**Task goal:**
In the entries that follow, repeat exactly the lines from the one that has "- To assemble, fold" through the one that has "The well-appointed en-suite", but omit pictures.
-- Records for this task follows --
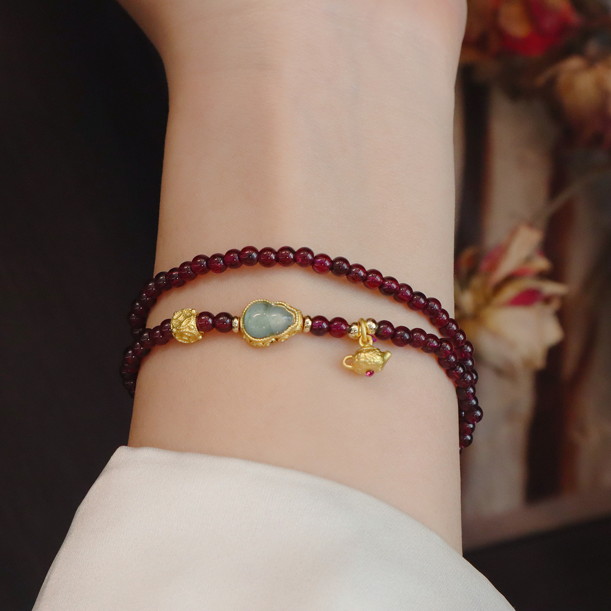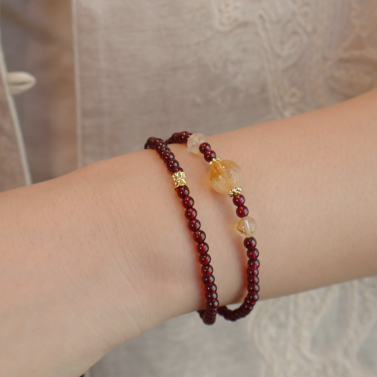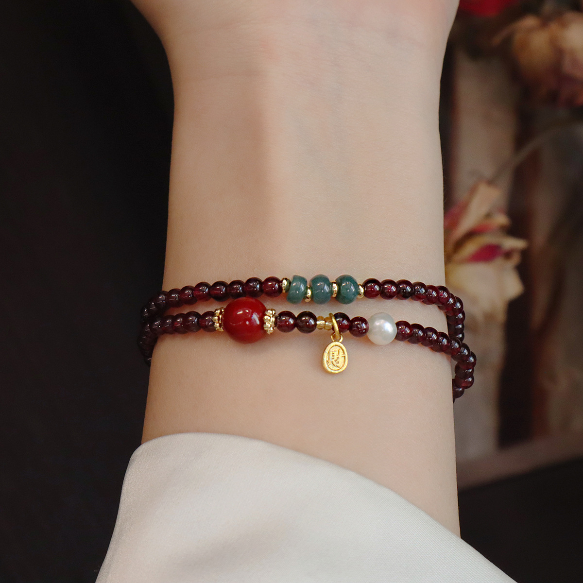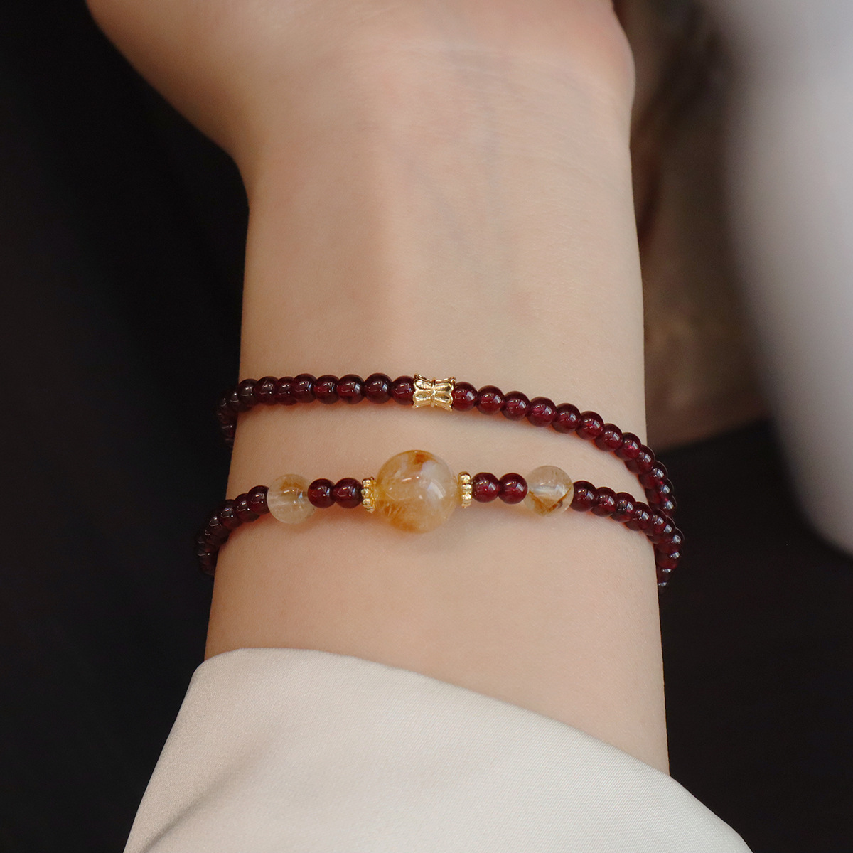日本品质天然石榴石新款多圈水晶石榴石手链新中式手串轻奢高级感
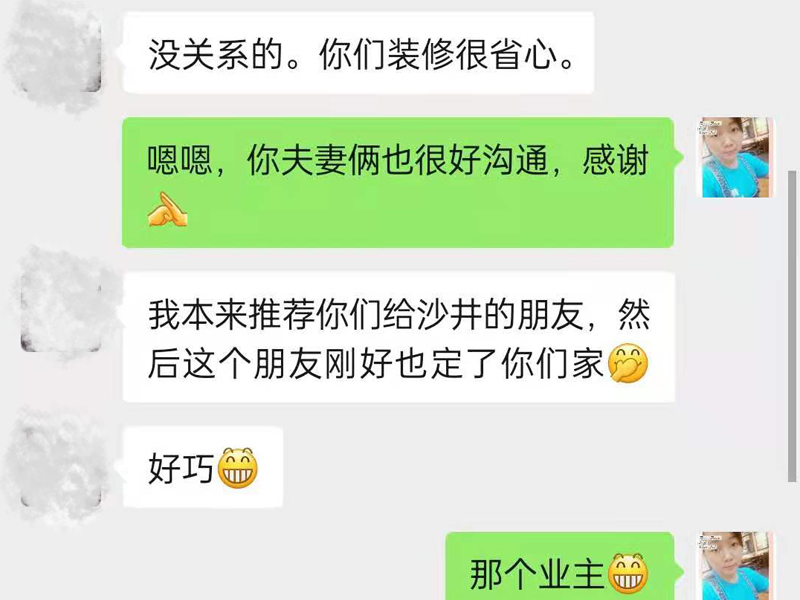 你們裝修很省心,本來推薦你們給沙井的朋友,然后這個朋友剛好就定了你們家,好巧。
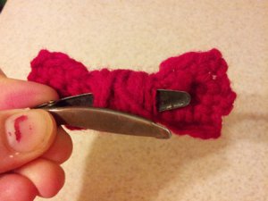 - To assemble, fold bow in half hot dog wise and wrap yarn around the middle of the bow. Tie off to secure.
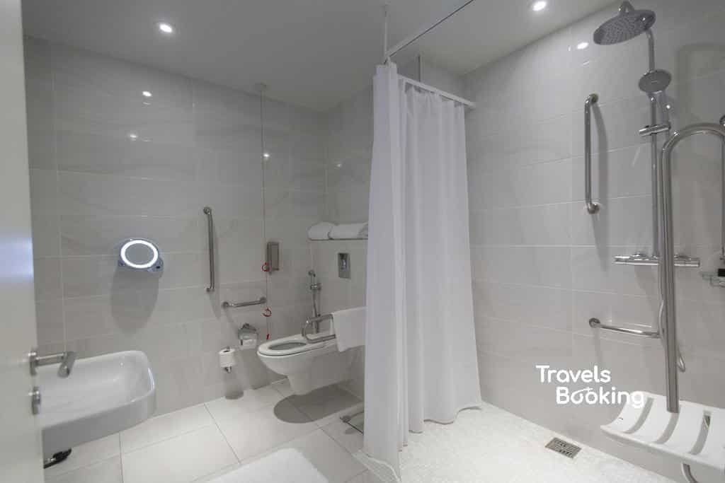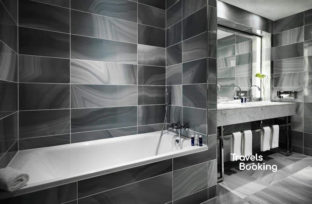 The well-appointed en-suite bathroom is designed for comfort and privacy, offering a shower, luxury toiletries, bathrobes, slippers, a hairdryer, and a full set of fresh towels and linens, along with an additional toilet.
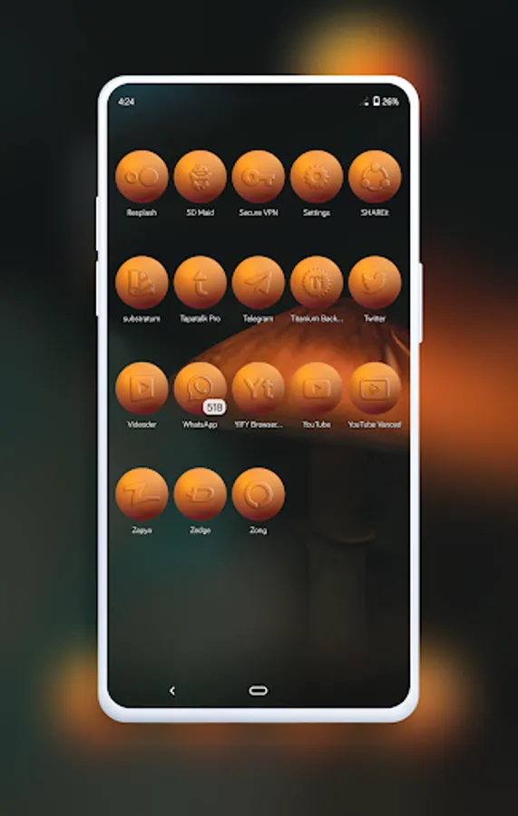 • Go Launcher [Icon masking and Shader isn't supported by Go, so un-themed icons have a circle covering them. You can easily fix this by going into Preferences > Visual settings > under Icons, uncheck 'Show icon base']
-- Records for this task concluded --
**Finished exercise:**
 - To assemble, fold bow in half hot dog wise and wrap yarn around the middle of the bow. Tie off to secure.
 The well-appointed en-suite bathroom is designed for comfort and privacy, offering a shower, luxury toiletries, bathrobes, slippers, a hairdryer, and a full set of fresh towels and linens, along with an additional toilet.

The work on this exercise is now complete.